Baked Salmon Orange Glaze (Printable version)

Tender salmon fillets baked and brushed with a bright orange glaze for a fresh, flavorful dinner.

# What You'll Need:

→ Fish

01 - 4 skinless or skin-on salmon fillets, each approximately 6 ounces
02 - 1 tablespoon olive oil
03 - Salt and freshly ground black pepper, to taste

→ Orange Glaze

04 - 1/2 cup freshly squeezed orange juice (from about 2 oranges)
05 - 2 tablespoons honey or maple syrup
06 - 1 tablespoon low-sodium soy sauce or tamari for gluten-free option
07 - 1 tablespoon Dijon mustard
08 - 1 teaspoon grated orange zest
09 - 1 clove garlic, finely minced
10 - 1/2 teaspoon grated fresh ginger
11 - 1 teaspoon cornstarch (optional, for thickening)
12 - 1 tablespoon cold water (optional, for thickening)

→ Garnish

13 - 2 tablespoons fresh parsley, finely chopped
14 - Orange slices or zest, for serving (optional)

# How to Prepare:

01 - Set the oven to 400°F and line a baking sheet with parchment paper or lightly grease it.
02 - Pat the salmon fillets dry and arrange them on the prepared baking sheet. Drizzle with olive oil and season with salt and pepper.
03 - Combine orange juice, honey or maple syrup, soy sauce, Dijon mustard, grated orange zest, minced garlic, and grated ginger in a small saucepan over medium heat. Bring to a simmer.
04 - If desired, mix cornstarch with cold water to form a slurry, whisk into the simmering glaze, and cook for 2–3 minutes until slightly thickened.
05 - Brush approximately half of the glaze evenly over the salmon fillets.

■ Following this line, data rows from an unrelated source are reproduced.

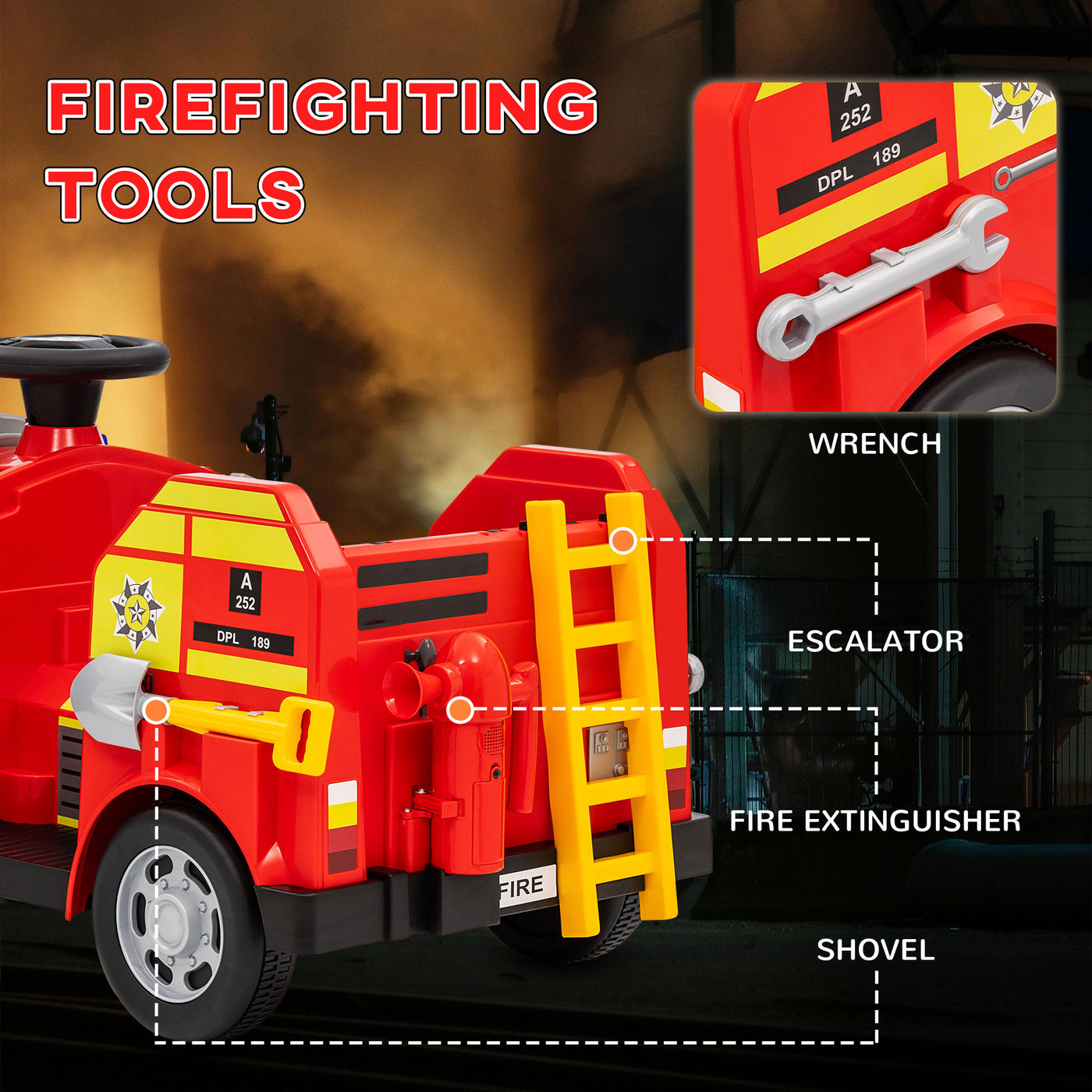AIYAPLAY Ride On Fire Truck, 12V Kids Electric Car with Siren, Flashing Lights, Firefighting Tools, Music, Horn, Slow Start, Red - Red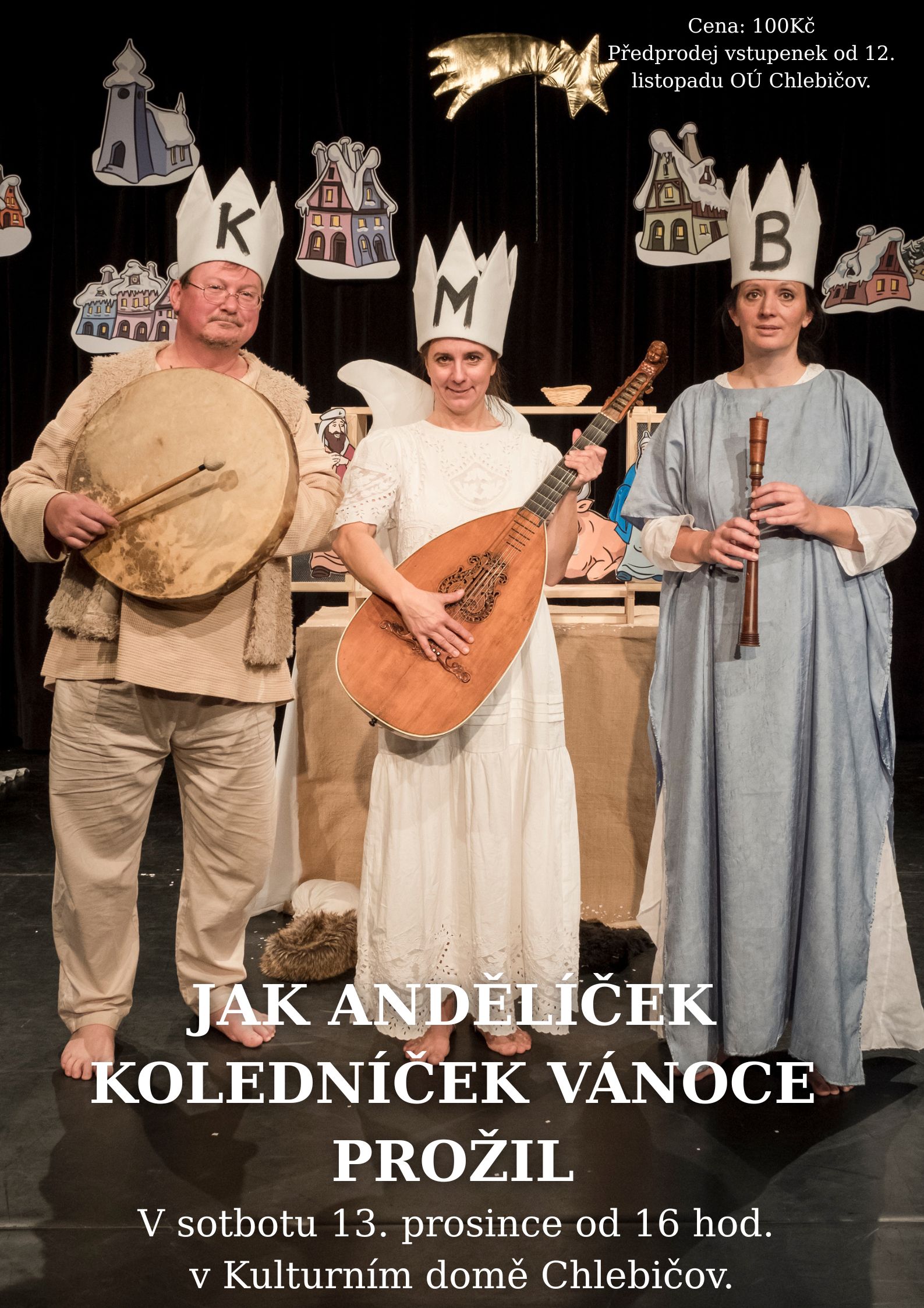 Divadelní představení Jak andělíček Koledníček Vánoce prožil v sobotu 13. prosince od 16 hod. v Kulturním domě Chlebičov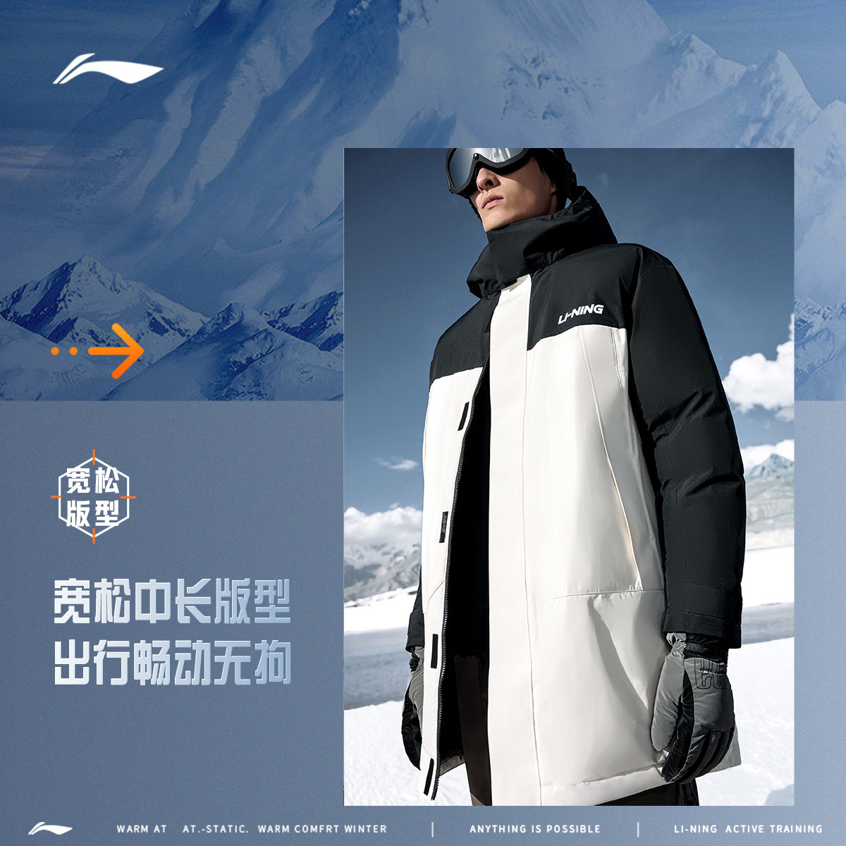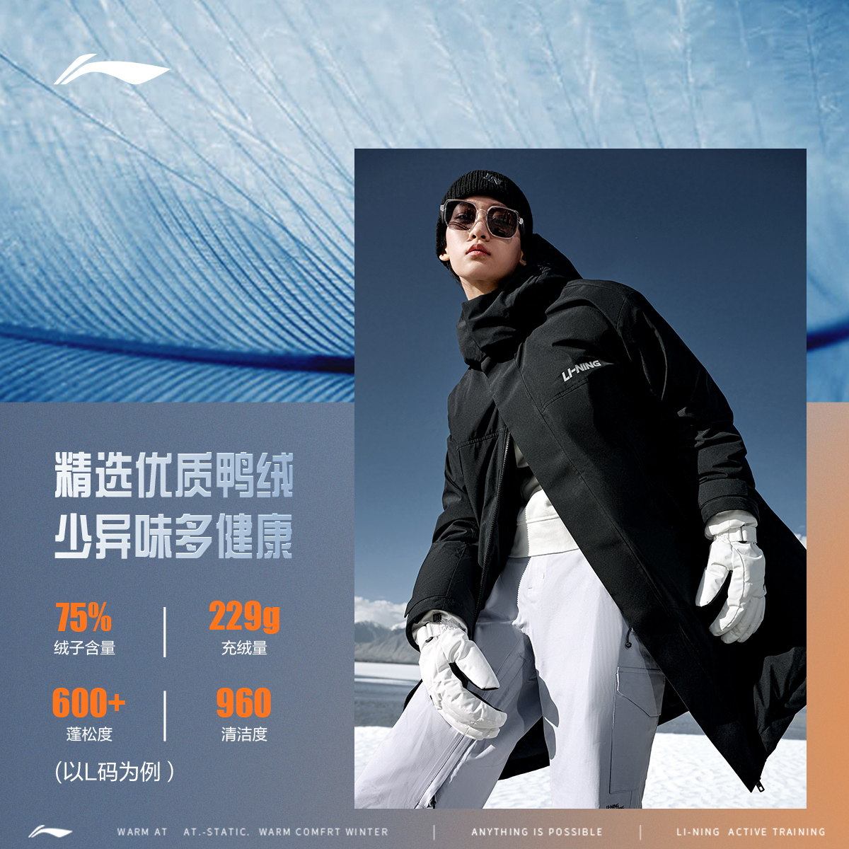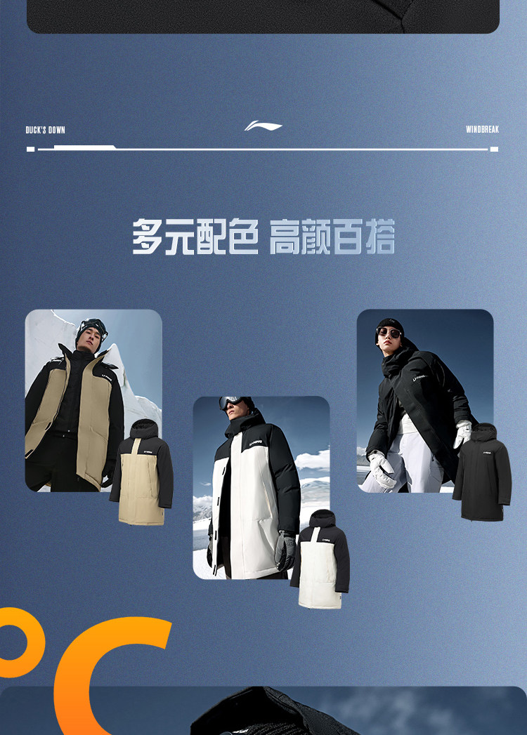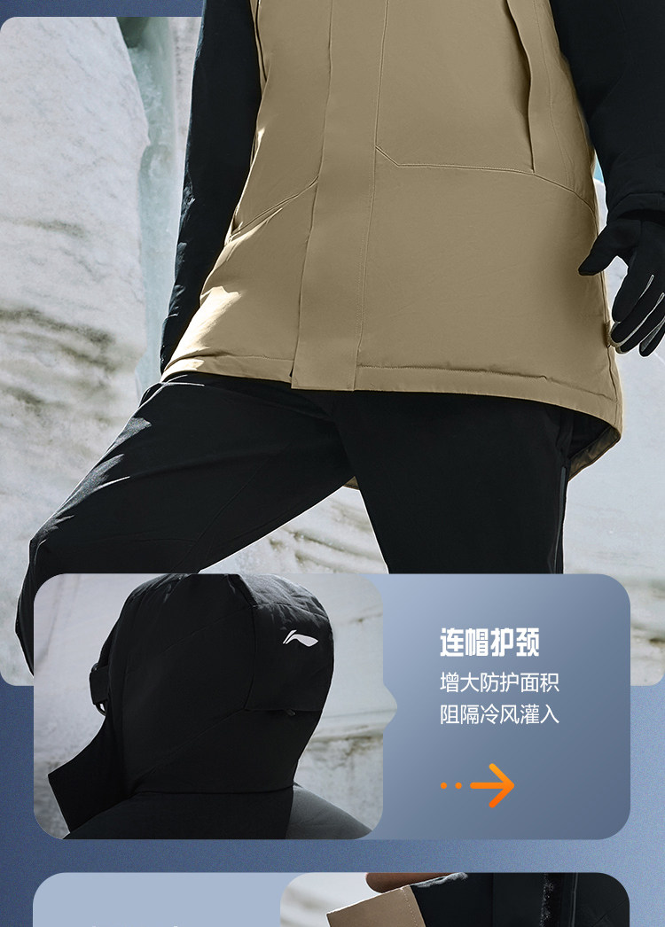 Li Ning, пуховик, бархатная удерживающая тепло длинная дорожная толстовка с капюшоном, утиный пух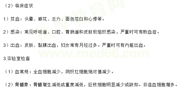(1)診斷:①全血細(xì)胞減少,網(wǎng)織紅細(xì)胞絕對(duì)值減少;②骨髓增生不良;③一般無(wú)肝、脾腫大;④除外其他導(dǎo)致全血細(xì)胞減少的疾病。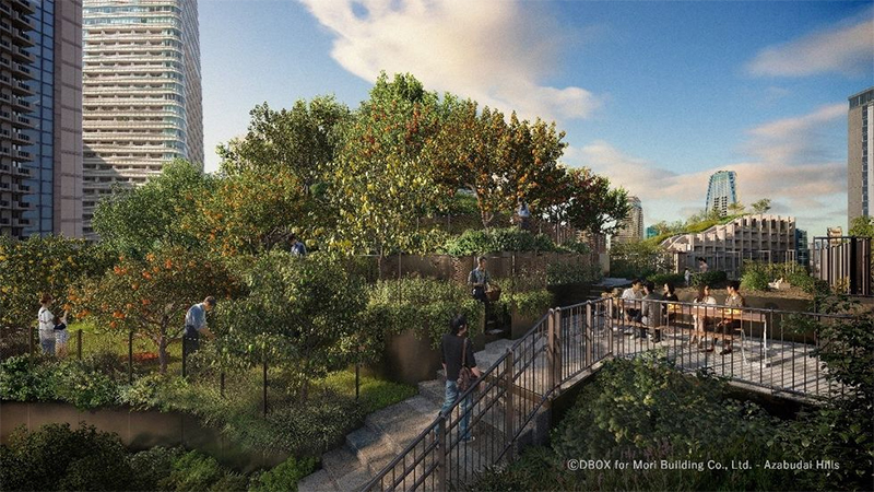 麻布台之丘整片建築的全域綠化達2萬4,000平方米,其中約有6,000平方米的中央廣場充滿綠意,步行其中猶如身處大自然內。中央廣場更是開闢菜園果園,栽種藍莓檸檬桃子等果樹,共種植著約320種植物。而各種樹木的種植也賦以巧思的規劃,像是2月春季臨近時,就能陸續看到不同品種的櫻花依時序盛開,讓花季能延展至5月。

Reserve the remainder for later use.
06 - Place salmon in the preheated oven and bake for 12 to 15 minutes, until just cooked through and flaky.
07 - Remove salmon from oven, drizzle with reserved glaze, and garnish with chopped parsley and orange slices or zest. Serve immediately.

# Expert advice:

01 -
  • The glaze is sweet, tangy, and savory all at once, balancing the rich salmon perfectly without overwhelming it.
  • It looks impressive but comes together in half an hour with ingredients you probably already have.
  • Cleanup is minimal, just one pan and one pot, which means more time enjoying dinner and less time scrubbing.
02 -
  • Dont overbake the salmon or it turns dry and chalky, pull it out as soon as it flakes easily and still looks a little glossy in the center.
  • If you skip patting the salmon dry, the glaze wont stick as well and the surface wont caramelize the way it should.
03 -
  • Marinating the salmon in half the glaze for 30 minutes before baking deepens the flavor and makes the fish even more tender.
  • A pinch of red pepper flakes in the glaze adds a gentle heat that plays beautifully with the sweetness of the orange and honey.